- _About this exercise_: Each record is to be copied exactly, with its pictures left behind.
::::::::::
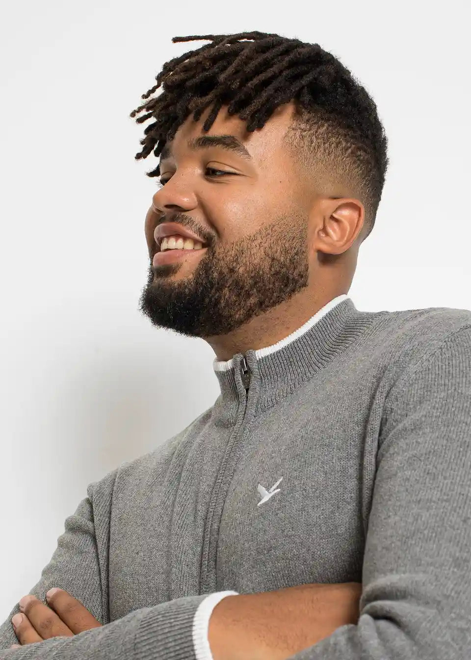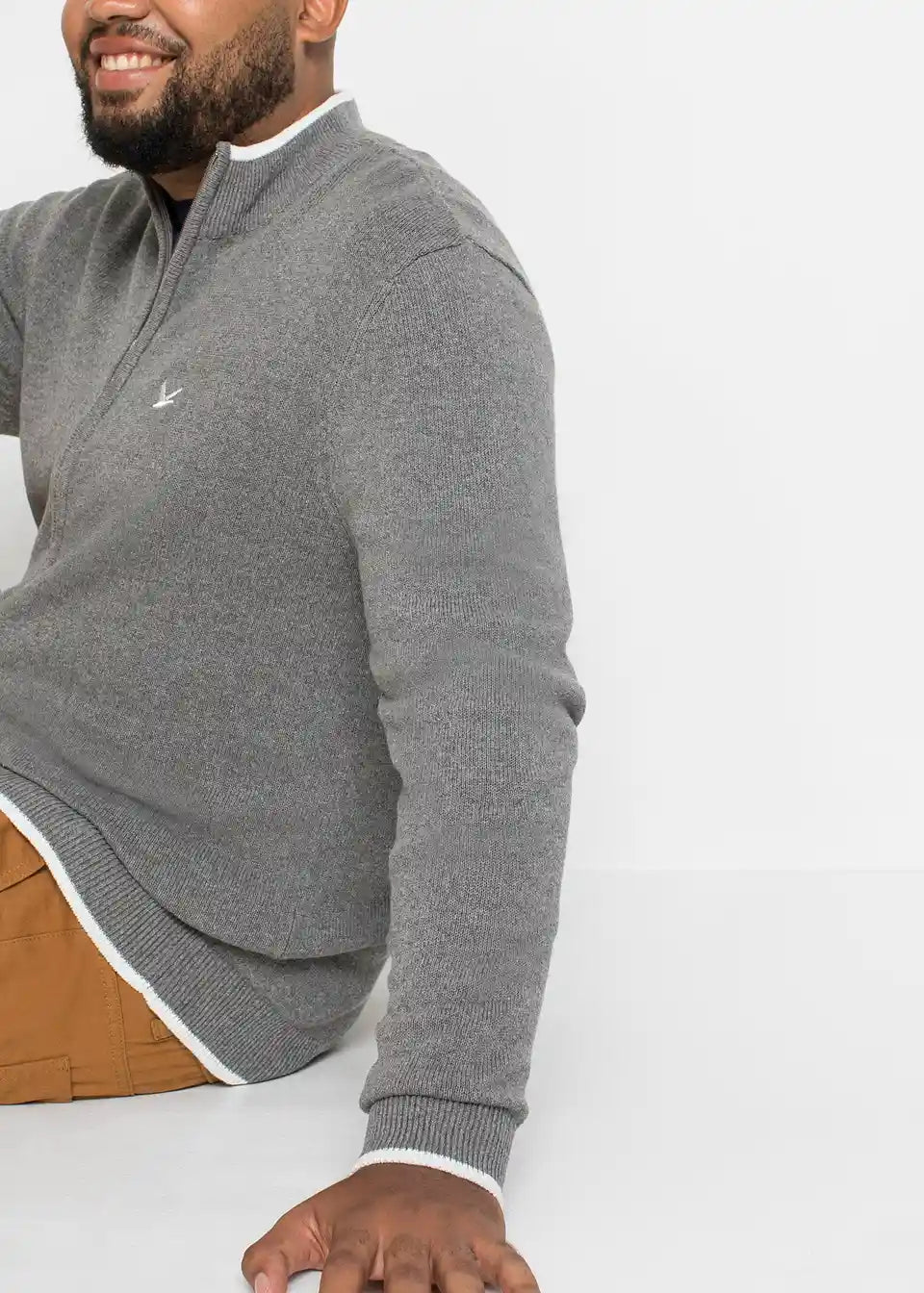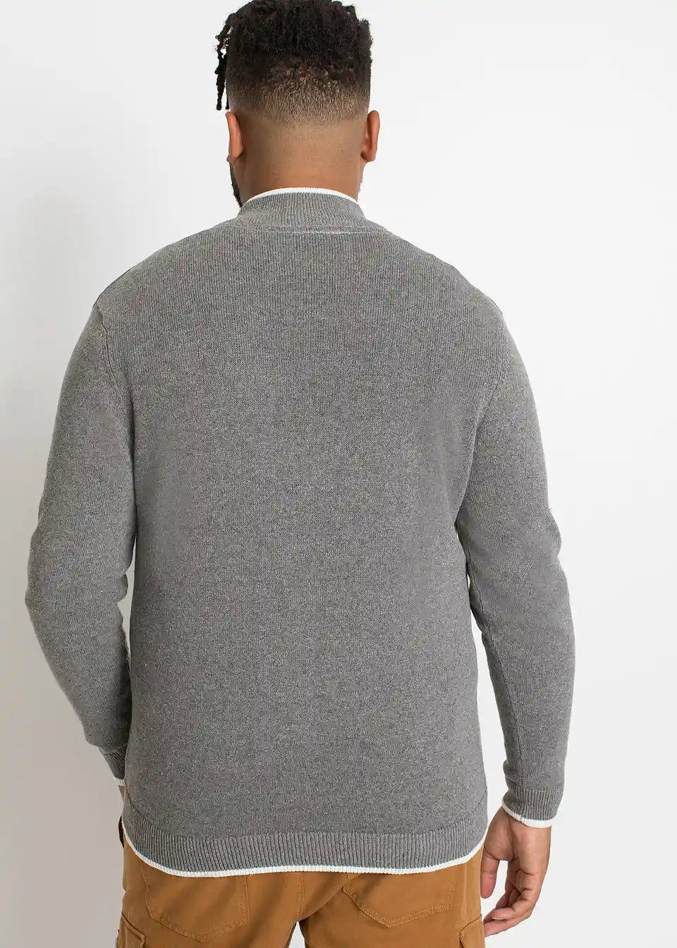Fino pletena jopa s pokončnim ovratnikom in recikliranim bombažem
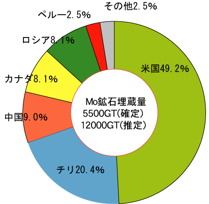 確定埋蔵量:550百萬トン・Mo (推定埋蔵量1200百萬トン・Mo) *出典:U.S.Geological Survey,Mineral Commodity Summaries,January 1998 | |
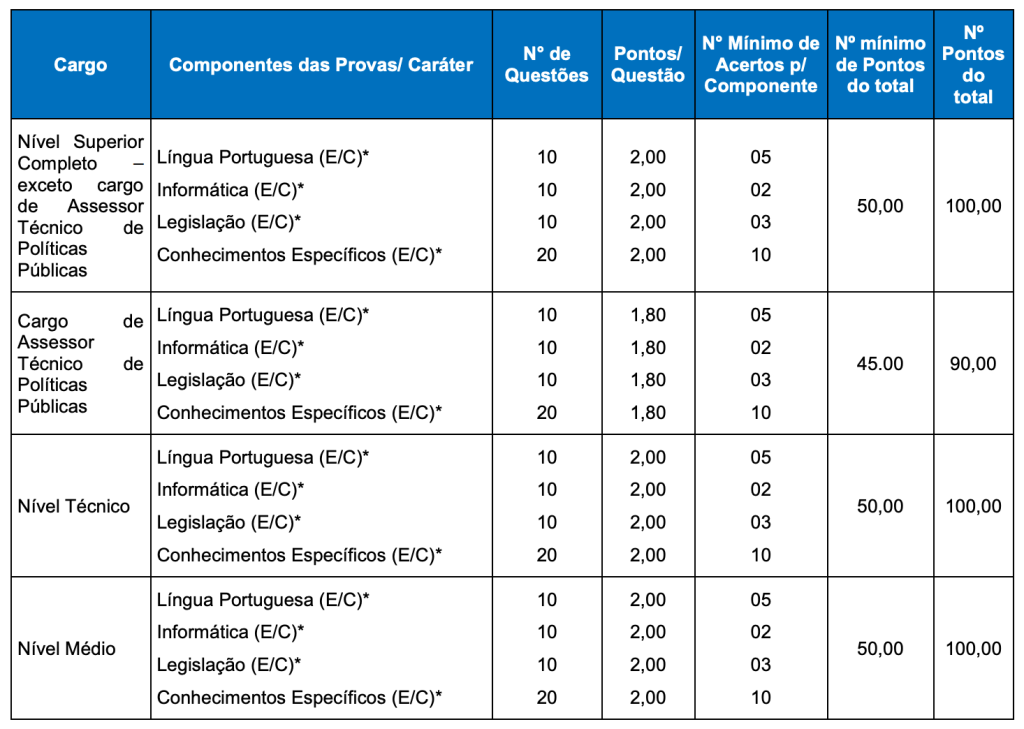 A Prova Teórico-objetiva foi composta de 50 questões de múltipla escolha, com peso de 2 pontos cada, tendo como valor máximo, 100 pontos.
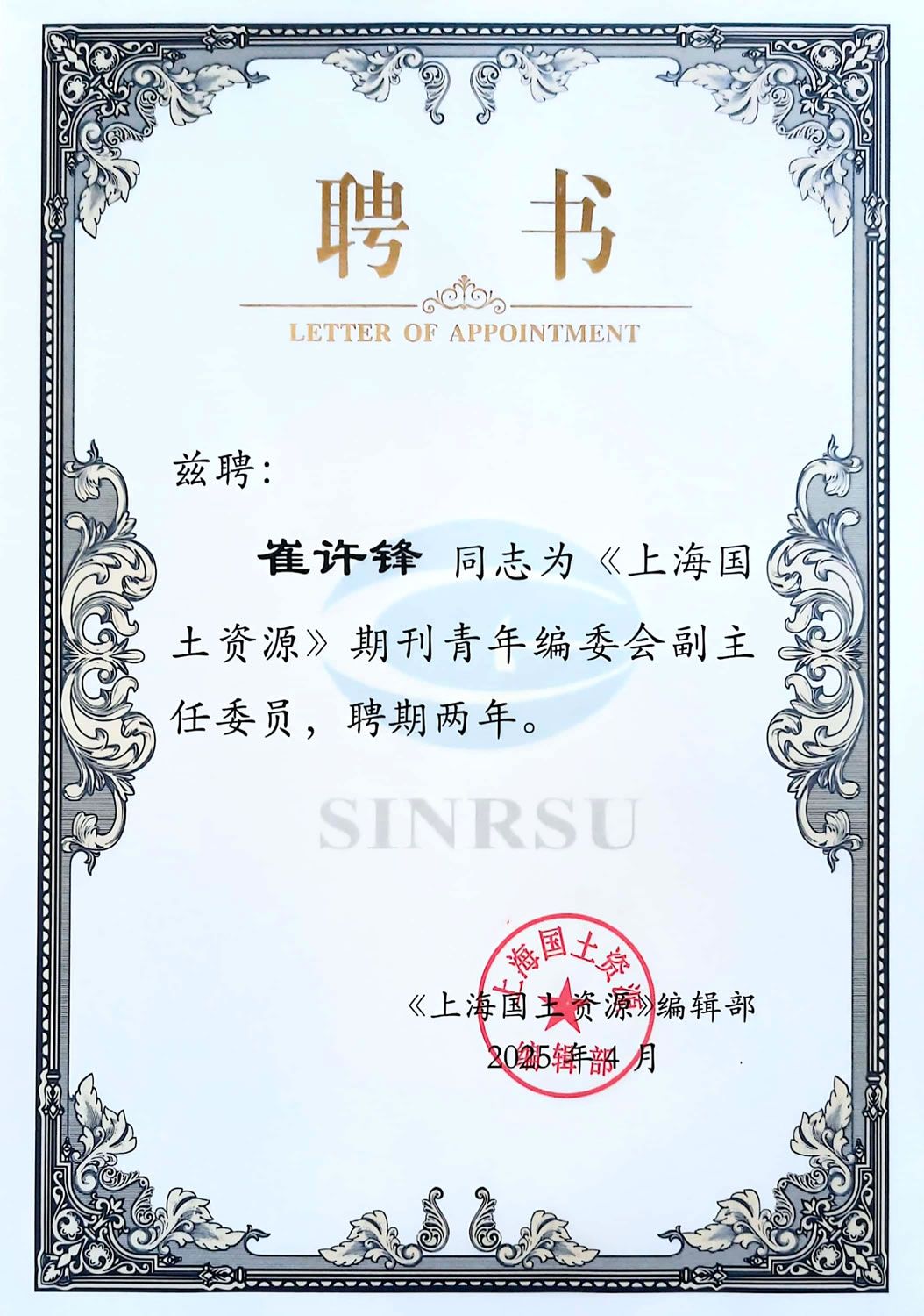 《上海国土资源》首届青年编委会副主任,与来自南开大学、华中师范大学、华中农业大学等高校及科研单位的专家共同组成青年编委会核心团队,杨联萍理事长与王寒梅院长共同为崔许锋副教授颁发编委聘书。
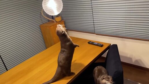Выдра встала на задние лапы, чтобы посмотреть телевизор
::::::::::
- _Solution for this task_:
Fino pletena jopa s pokončnim ovratnikom in recikliranim bombažem
 確定埋蔵量:550百萬トン・Mo (推定埋蔵量1200百萬トン・Mo) *出典:U.S.Geological Survey,Mineral Commodity Summaries,January 1998 | |
 A Prova Teórico-objetiva foi composta de 50 questões de múltipla escolha, com peso de 2 pontos cada, tendo como valor máximo, 100 pontos.
 《上海国土资源》首届青年编委会副主任,与来自南开大学、华中师范大学、华中农业大学等高校及科研单位的专家共同组成青年编委会核心团队,杨联萍理事长与王寒梅院长共同为崔许锋副教授颁发编委聘书。
Выдра встала на задние лапы, чтобы посмотреть телевизор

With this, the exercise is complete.